# EXERCISE OBJECTIVE
Transcribe exactly the lines that fall between the one holding "#UltimateSup #LifeExtension #PrenatalVitamins" and the one holding "一根麻绳,连结同学情,凝聚团", inclusive, from the entries below.

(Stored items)
◆ ◆ ◆ ◆ ◆
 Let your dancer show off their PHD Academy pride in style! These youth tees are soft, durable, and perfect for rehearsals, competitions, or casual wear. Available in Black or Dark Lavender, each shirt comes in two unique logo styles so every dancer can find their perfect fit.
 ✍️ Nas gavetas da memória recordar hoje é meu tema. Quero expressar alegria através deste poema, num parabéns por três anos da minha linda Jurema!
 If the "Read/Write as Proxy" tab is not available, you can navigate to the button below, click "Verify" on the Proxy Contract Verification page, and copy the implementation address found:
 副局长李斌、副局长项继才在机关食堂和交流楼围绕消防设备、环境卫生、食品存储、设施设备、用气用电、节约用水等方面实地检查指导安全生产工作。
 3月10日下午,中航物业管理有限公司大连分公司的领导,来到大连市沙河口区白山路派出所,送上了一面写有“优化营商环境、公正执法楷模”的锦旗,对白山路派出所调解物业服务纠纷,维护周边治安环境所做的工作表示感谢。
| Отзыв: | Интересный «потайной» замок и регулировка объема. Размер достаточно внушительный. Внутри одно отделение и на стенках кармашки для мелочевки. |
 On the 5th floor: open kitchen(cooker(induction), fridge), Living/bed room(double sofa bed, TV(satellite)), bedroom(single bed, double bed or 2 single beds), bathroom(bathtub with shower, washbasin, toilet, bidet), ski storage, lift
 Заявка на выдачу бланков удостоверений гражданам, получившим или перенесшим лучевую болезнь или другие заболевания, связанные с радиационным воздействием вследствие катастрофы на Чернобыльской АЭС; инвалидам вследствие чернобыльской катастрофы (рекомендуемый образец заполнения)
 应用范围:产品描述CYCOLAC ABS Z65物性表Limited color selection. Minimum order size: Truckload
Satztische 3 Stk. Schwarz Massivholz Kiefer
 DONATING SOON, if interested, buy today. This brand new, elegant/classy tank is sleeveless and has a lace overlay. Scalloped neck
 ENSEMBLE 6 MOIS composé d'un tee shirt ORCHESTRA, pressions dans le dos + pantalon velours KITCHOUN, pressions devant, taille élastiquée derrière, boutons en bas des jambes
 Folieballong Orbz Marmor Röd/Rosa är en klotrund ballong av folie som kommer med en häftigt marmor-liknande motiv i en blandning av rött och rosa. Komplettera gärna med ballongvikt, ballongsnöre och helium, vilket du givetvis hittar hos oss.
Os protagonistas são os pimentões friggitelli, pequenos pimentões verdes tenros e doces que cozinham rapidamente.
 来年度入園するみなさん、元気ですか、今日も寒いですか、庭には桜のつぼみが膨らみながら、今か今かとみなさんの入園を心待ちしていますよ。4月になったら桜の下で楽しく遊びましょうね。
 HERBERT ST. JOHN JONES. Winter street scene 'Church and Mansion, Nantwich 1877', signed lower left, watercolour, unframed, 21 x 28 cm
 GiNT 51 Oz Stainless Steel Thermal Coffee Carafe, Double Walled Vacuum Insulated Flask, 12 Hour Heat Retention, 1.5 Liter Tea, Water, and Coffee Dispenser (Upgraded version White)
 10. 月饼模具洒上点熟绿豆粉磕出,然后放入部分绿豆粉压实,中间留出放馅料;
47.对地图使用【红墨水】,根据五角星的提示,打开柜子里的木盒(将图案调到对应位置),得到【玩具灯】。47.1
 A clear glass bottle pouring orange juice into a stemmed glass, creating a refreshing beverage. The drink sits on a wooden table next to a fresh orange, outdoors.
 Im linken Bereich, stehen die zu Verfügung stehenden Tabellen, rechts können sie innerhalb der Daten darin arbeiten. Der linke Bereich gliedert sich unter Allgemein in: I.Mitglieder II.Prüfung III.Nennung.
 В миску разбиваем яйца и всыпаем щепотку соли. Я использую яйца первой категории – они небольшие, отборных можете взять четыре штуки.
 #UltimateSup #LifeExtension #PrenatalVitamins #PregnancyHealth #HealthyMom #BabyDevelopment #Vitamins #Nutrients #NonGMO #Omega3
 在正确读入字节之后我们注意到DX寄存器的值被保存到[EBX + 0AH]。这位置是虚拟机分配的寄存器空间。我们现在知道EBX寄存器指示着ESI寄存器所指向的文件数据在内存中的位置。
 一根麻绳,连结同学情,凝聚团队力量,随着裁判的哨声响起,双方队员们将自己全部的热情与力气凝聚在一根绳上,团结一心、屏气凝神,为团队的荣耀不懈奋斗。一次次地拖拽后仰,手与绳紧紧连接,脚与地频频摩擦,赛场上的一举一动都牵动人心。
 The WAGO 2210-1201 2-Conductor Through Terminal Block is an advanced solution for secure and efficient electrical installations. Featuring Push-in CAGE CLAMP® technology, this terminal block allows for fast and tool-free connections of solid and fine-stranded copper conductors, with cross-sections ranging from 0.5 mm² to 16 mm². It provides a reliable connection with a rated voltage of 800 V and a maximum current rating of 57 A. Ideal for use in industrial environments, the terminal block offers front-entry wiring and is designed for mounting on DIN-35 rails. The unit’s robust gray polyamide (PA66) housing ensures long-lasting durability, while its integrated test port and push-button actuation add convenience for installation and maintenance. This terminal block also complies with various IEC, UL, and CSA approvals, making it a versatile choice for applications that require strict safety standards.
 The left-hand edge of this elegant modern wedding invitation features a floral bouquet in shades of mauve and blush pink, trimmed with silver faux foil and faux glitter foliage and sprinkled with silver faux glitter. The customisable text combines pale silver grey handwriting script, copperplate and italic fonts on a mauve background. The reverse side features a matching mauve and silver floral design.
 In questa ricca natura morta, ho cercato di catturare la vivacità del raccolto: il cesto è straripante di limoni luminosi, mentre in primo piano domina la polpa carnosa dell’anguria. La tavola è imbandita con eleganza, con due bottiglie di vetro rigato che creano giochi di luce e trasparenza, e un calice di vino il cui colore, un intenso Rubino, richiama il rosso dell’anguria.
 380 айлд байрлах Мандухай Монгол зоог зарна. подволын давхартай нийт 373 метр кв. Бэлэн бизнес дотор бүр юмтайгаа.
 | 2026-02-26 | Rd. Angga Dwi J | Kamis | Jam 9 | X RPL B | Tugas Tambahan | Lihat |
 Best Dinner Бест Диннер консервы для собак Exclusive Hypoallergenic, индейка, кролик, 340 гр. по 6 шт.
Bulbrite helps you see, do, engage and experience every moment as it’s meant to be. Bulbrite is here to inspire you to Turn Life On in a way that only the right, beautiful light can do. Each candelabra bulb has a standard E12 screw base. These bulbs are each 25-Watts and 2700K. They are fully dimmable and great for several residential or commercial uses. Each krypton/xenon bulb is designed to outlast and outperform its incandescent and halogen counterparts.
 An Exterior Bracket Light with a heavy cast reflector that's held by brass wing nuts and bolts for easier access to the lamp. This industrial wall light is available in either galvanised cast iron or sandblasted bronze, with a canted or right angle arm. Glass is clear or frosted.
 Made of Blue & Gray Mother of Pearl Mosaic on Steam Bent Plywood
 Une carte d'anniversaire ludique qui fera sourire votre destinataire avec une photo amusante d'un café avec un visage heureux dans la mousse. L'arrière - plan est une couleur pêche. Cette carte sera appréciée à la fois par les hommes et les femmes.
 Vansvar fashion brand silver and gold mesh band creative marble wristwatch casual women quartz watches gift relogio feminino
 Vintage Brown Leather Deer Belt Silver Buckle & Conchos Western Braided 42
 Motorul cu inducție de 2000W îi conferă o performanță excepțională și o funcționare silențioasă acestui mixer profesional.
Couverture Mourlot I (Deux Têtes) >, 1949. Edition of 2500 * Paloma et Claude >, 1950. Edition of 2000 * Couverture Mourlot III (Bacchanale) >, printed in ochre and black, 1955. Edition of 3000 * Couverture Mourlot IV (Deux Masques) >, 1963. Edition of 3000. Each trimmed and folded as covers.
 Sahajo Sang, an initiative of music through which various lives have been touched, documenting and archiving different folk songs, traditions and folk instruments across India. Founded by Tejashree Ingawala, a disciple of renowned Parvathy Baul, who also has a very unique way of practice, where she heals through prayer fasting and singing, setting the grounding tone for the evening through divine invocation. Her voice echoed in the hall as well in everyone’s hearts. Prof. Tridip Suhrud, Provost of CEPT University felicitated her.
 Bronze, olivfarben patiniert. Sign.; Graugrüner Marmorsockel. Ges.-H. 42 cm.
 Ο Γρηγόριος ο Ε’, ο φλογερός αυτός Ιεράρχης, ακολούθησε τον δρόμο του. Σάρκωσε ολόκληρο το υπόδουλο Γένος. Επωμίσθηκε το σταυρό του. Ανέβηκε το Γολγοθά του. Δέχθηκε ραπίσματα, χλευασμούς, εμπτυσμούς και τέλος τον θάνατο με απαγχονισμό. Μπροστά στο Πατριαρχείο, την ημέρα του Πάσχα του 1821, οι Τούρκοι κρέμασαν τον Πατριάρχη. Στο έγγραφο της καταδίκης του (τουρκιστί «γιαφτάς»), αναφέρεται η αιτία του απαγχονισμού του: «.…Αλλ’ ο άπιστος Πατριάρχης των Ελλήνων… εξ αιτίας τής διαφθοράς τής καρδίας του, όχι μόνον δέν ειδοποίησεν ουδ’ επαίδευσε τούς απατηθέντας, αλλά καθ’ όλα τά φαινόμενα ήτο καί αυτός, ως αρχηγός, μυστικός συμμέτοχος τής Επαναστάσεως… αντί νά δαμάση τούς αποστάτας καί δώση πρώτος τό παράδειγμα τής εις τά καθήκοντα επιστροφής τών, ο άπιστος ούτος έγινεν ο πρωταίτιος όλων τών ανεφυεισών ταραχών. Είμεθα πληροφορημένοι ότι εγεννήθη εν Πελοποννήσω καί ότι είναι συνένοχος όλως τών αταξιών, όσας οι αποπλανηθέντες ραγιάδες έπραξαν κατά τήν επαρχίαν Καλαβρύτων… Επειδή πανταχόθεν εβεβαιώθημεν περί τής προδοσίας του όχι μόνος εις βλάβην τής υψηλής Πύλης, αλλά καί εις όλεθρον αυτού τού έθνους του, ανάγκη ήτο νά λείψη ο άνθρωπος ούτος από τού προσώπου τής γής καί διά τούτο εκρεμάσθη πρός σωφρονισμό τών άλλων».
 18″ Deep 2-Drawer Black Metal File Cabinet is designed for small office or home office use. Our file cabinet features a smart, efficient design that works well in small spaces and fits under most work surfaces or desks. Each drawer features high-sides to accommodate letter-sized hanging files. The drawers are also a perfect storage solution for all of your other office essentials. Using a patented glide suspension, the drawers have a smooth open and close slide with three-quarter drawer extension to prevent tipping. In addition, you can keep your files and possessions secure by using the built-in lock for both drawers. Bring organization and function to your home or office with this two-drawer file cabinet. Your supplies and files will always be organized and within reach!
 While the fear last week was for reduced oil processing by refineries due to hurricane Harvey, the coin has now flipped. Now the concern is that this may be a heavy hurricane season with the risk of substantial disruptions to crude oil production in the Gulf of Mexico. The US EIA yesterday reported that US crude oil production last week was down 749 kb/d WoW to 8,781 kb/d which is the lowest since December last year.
◆ ◆ ◆ ◆ ◆
# RESPONSE BELOW
 #UltimateSup #LifeExtension #PrenatalVitamins #PregnancyHealth #HealthyMom #BabyDevelopment #Vitamins #Nutrients #NonGMO #Omega3
 在正确读入字节之后我们注意到DX寄存器的值被保存到[EBX + 0AH]。这位置是虚拟机分配的寄存器空间。我们现在知道EBX寄存器指示着ESI寄存器所指向的文件数据在内存中的位置。
 一根麻绳,连结同学情,凝聚团队力量,随着裁判的哨声响起,双方队员们将自己全部的热情与力气凝聚在一根绳上,团结一心、屏气凝神,为团队的荣耀不懈奋斗。一次次地拖拽后仰,手与绳紧紧连接,脚与地频频摩擦,赛场上的一举一动都牵动人心。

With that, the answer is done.